I like that the law, instead of saying, ‘you have not built to specification therefore knock it down’ is showing sensitivity

Tony Bingham, barrister

The case went to the appeal court and then on to the House of Lords. Bingham says: “In the court of appeal the five judges said Forsyth was entitled to full damages and it didn’t matter whether he spent the money on changing the pool or taking his wife on a cruise.”

However, the Lords said Forsyth was not entitled to the full cost of rebuilding his pool. It reasoned that the defect was “technical” and affected neither the use of the pool nor the overall value of Forsyth’s property.

Consequences

Bingham says: “I think this was a lovely case for the construction industry because although there was a breach of contract and the remedy was to pay for digging out the pool, the House of Lords felt that Forsyth was not entitled to a remedy at all costs – rather it was about what he had lost.”

The circumstances of the loss can be better understood if you image the owner had been an Olympic swimmer – in which case the proportions of the pool would have been far more important.

Bingham says: “I like that the law, instead of saying, ‘you have not built to specification therefore knock it down’ is showing sensitivity. If there is a bit of dodgy brickwork it doesn’t mean you knock down the whole building.”

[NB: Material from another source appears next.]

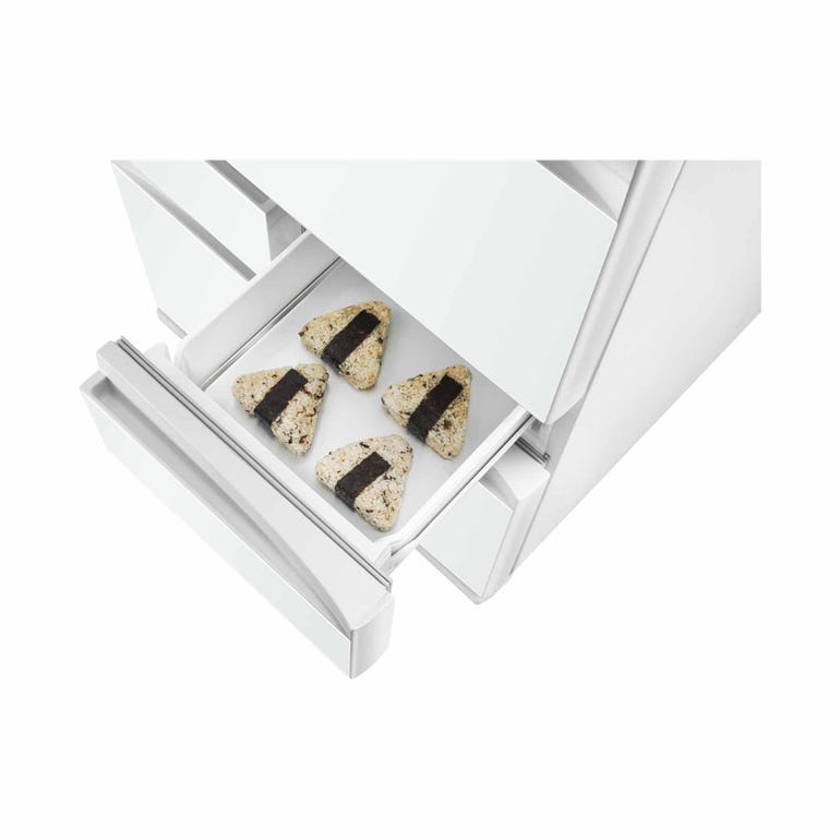 This 451 L multi‑door refrigerator in Fuji White Glass combines Dual Cooling System, Origin Inverter compressor, Nano Titanium purification, HydroFRESH humidity drawer, and fast ice-making technology for energy-efficient, hygienic food storage.
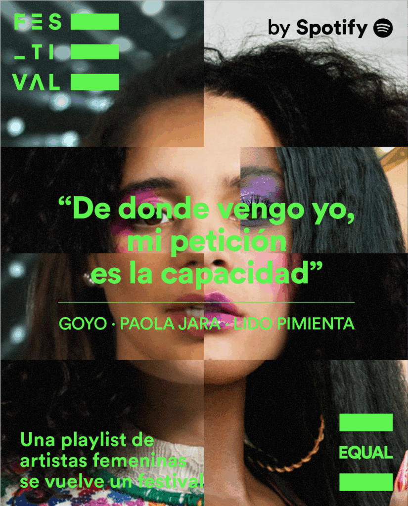 Spotify’s EQUAL Festival in Colombia brought together female artists to celebrate and amplify women’s voices in music. The agency created a campaign that spotlighted those with the least visibility, turning them into the faces of the festival and giving unheard talent a stage of their own.

5. 2005 – Great Eastern Hotel vs. John Laing Construction

Construction management loses its teflon coat

Case

I don’t see as many CM deals cross my desk as before

Paul Brampton, Taylor Wessing

When a luxury London hotel upgrade overran by a year and cost almost double the original budget the client sued the construction manager, John Laing. This was the first time a construction management job had ended up in court.

Under a construction management arrangement it was widely thought the client would always foot the bill, no matter how much it mushroomed. The client was supposed to carry the bulk of time and cost risk under the approach because although the CM plans and programmes the work, the trade contractors actually carry out the work and they contract directly with the client.

But when the Great Eastern Hotel project came in at £61m instead of £38m, the client broke the mould. “Great Eastern weren’t happy with the way Laing hand managed the trade contractors. They took Laing to court and to everyone’s surprise they won”, says Paul Brampton, solicitor with Taylor Wessing.

Laing was found to have breached its obligations and was ordered to pay £10m to the client, a joint venture between Conran and US hotelier Wyndham International.

Consequences

“Before the Great Eastern case everyone thought construction managers were bullet-proof – whatever the cost of the project, the client had to pay, not the construction manager,” says Brampton.

“The case has caused people to approach construction management with caution. Those who are naturally risk averse, like banks and funders, are very wary about jobs procured on a CM basis. If you lend money to a CM project and it goes wrong, everyone will say it was your own fault. I don’t see as many CM deals cross my desk as before.”

He reckons the case showed that construction management is only suitable for more sophisticated employers carrying out simple projects. “Where it’s not suitable is when you have a new swanky design that has not been tried before and that the client just wants to build as quickly as possible.”